Reni tak habis pikir. Semalam tak ada yang mendengar keributan atau suara mencurigakan apapun dari balik pagar besi hitam rumah tetangganya itu.

Lantas apa yang terjadi di dalam sana?

Ia bersama belasan warga lainnya berkumpul tak jauh dari Suzuki APV berwarna jingga menyala milik Tim INAFIS Polres Surabaya. Tadi ada beberapa petugas berbaju hazmat putih keluar dari mobil itu dan masuk ke dalam rumah di Lidah Kulon, Lakarsantri Surabaya.

Di balik dinding rumah bercat krem itu, seorang petugas forensik masuk ke salah satu kamar tidur. Sebuah kasur berseprai cerah tanpa ranjang menyambutnya di sana.
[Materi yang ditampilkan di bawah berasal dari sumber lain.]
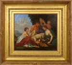 This painting by the Continental School features Pan, the ancient Greek god of rustic music, the wild, shepherds, flocks, and nature.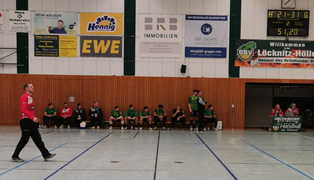 Grünheide (RH). Das war ernüchternd: Die Handballer des Grünheider SV I mussten sich am vorigen Samstag, 29. November 2025, im Heimspiel der Regionalliga Ostsee-Spree dem Ludwigsfelder HC deutlich mit 25:36 (14:21) geschlagen geben. Damit bleibt das Team um Chefcoach Tilo Leibrich, der auf der Bank vom neuen Co-Trainer Uwe Schwiderski unterstützt wird, mit nun 2:18 Punkten Letzter in der 14 Mannschaften umfassenden vierten Liga, die Ludwigsfelder (9:11 Zähler) festigen den achten Platz. Erfolgreichster Grünheider Werfer vor rund 150 Zuschauern, darunter viele Fans vom Ludwigsfelder HC, in der Löcknitz-Halle war Max Mißling mit sieben Treffern.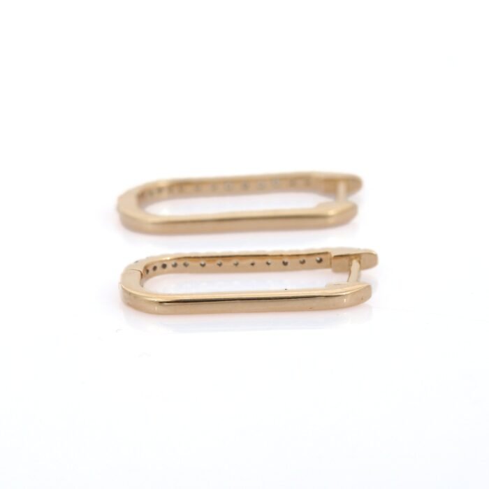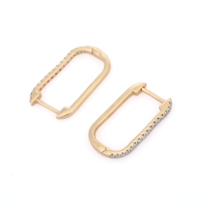 Crafted from 14K solid yellow gold, the earrings provide a warm and luxurious backdrop that complements the diamonds’ natural shine. The pave setting ensures that the diamonds are securely held while allowing their full radiance to be visible. This design choice creates a seamless and dazzling effect that catches the light from every angle.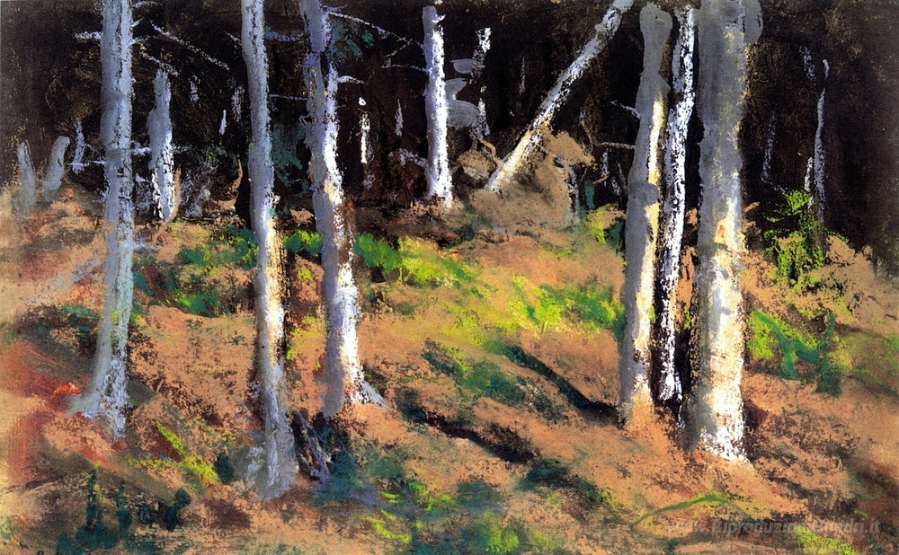 Ti offriamo una riproduzione artigianale su tela dell'opera famosa 'Dove gli alberi stanno morendo' di Robert Henri, dal Museo delle Riproduzioni.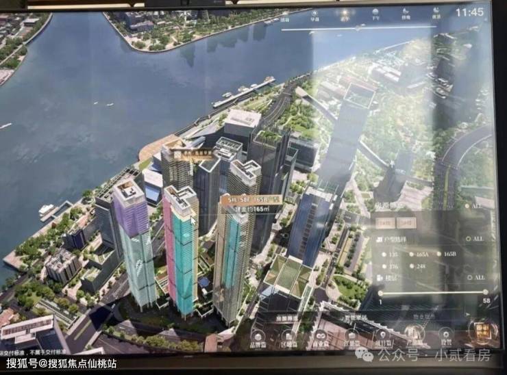 共5栋楼,总高56-58层,首推1/5栋,1栋57层,43层以下是两套176方的,45-57层是一套248方的,5栋是塔楼,一户139,两户165,超新规产品,得房率据说有130%。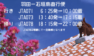 直行便はなんといっても楽ちん! 行きは約2時間半 帰りは2時間半をきっちゃいます! 沖縄にいくならうちなーの翼「日本トランスオーシャン航空」で!
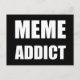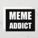 Connaissez des gens qui fouillent obsessionnément Internet pour rechercher des mèmes, des mèmes et d'autres mèmes ? Peut-être connaissez-vous des gens qui les créent ? Ou les créez-vous ? Parlez au monde de cette addiction ! Cette carte postale a un arrière - plan noir, avec un texte blanc qui dit, "Addict de mème". Prenez-en quelques-uns aujourd'hui !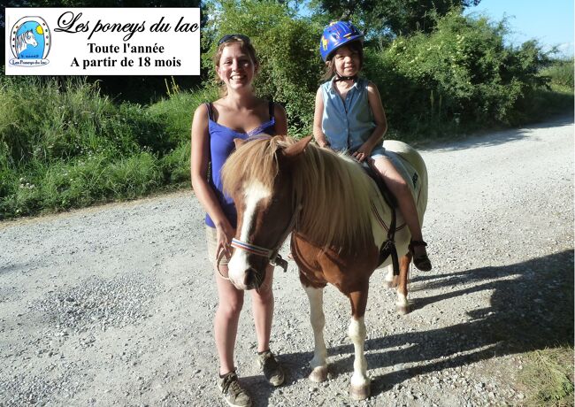 Promenades à petit poney autour du Lac de Pelleautier, poney tenu en main par un parent, à partir de 18 mois.

Perhatiannya langsung tertuju ke arah kardus lemari es setinggi pundak orang dewasa di sudut kamar.

Pukul sembilan pagi tadi laporan masuk ke kepoisian. Ada mayat penuh darah di dalam kardus itu, begitu laporan yang mereka terima.

Jasad itu dikeluarkan dari kardus dan diperiksa bersama penyelidik yang matanya menatap lekat dari balikface shield antivirus korona.
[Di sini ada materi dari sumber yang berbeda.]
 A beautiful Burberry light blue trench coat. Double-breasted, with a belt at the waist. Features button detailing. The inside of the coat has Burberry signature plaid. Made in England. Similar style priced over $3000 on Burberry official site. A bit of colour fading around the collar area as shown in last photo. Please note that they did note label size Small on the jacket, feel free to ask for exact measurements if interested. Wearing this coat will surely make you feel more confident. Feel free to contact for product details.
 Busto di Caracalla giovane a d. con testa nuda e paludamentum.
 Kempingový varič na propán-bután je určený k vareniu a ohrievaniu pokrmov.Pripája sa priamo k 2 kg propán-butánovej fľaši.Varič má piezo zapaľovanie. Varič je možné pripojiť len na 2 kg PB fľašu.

Seorang perempuan dengan empat luka di leher, tepat di bawah telinga. Ada juga luka di jari tangan kiri yang menunjukkan korban mencoba melawan orang yang melukainya.
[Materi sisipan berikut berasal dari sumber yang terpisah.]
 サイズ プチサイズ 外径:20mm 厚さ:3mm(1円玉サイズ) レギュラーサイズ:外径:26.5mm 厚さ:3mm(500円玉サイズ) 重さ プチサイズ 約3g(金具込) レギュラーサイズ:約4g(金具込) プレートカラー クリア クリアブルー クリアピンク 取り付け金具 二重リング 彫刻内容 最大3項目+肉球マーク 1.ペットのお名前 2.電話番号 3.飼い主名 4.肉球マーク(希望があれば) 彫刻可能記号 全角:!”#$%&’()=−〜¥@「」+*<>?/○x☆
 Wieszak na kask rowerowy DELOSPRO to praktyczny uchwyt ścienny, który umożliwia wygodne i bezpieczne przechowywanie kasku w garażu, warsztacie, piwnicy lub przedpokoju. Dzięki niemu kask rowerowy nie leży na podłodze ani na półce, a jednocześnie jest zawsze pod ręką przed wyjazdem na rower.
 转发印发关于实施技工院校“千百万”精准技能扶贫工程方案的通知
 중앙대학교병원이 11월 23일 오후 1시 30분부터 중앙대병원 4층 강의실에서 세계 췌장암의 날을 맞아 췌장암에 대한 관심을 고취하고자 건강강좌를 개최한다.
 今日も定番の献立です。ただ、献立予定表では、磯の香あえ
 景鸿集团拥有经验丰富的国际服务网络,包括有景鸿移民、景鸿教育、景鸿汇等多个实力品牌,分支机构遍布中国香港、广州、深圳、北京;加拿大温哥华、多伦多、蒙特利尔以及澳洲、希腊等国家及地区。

“Korban tewas karena dibunuh menggunakan senjata tajam. Ditemukan sayatan senjata tajam di leher korban yang mengeluarkan darah,” kata Kapolsek Lakarsantri Komisaris Palma F Pahlevi.

Tapi ada temuan yang ganjil: telapak kaki kanan menghitam dan ada luka bakar. Apa yang sebenarnya terjadi?

*****

Tengah malam sudah lewat. Steni makin cemas karena kekasihnya, Monik, belum juga bisa dikontak. Pukul sebelas malam tadi ada nada sambung, tapi kini ponselnya tak aktif lagi.

Tak mau menunggu hari berganti, ia mendatangi alamat yang sempat disebut Monik sore tadi.

Jam sudah menunjukkan pukul satu pagi saat Steni tiba di rumah yang dituju dan mengetuk pintu. Pemuda itu menggelengkan kepala saat ditanya soal Monik. “Sudah pergi tadi, ada yang jemput naik motor,” katanya.

Lama menunggu, kabar soal Monik baru tiba ketika matahari sudah mulai tinggi. Steni diberi tahu agar segera datang ke rumah orangtua Monik di bilangan Wonokromo, Surabaya.

Monik sebenarnya sudah lama tak tinggal di rumah itu. Ia memilih kost dan sesekali saja datang ke sana. “Orangnya mandiri,” kata Mendi, adiknya. Tapi ia sendiri tak tahu apa pekerjaan kakak sulungnya di luar sana.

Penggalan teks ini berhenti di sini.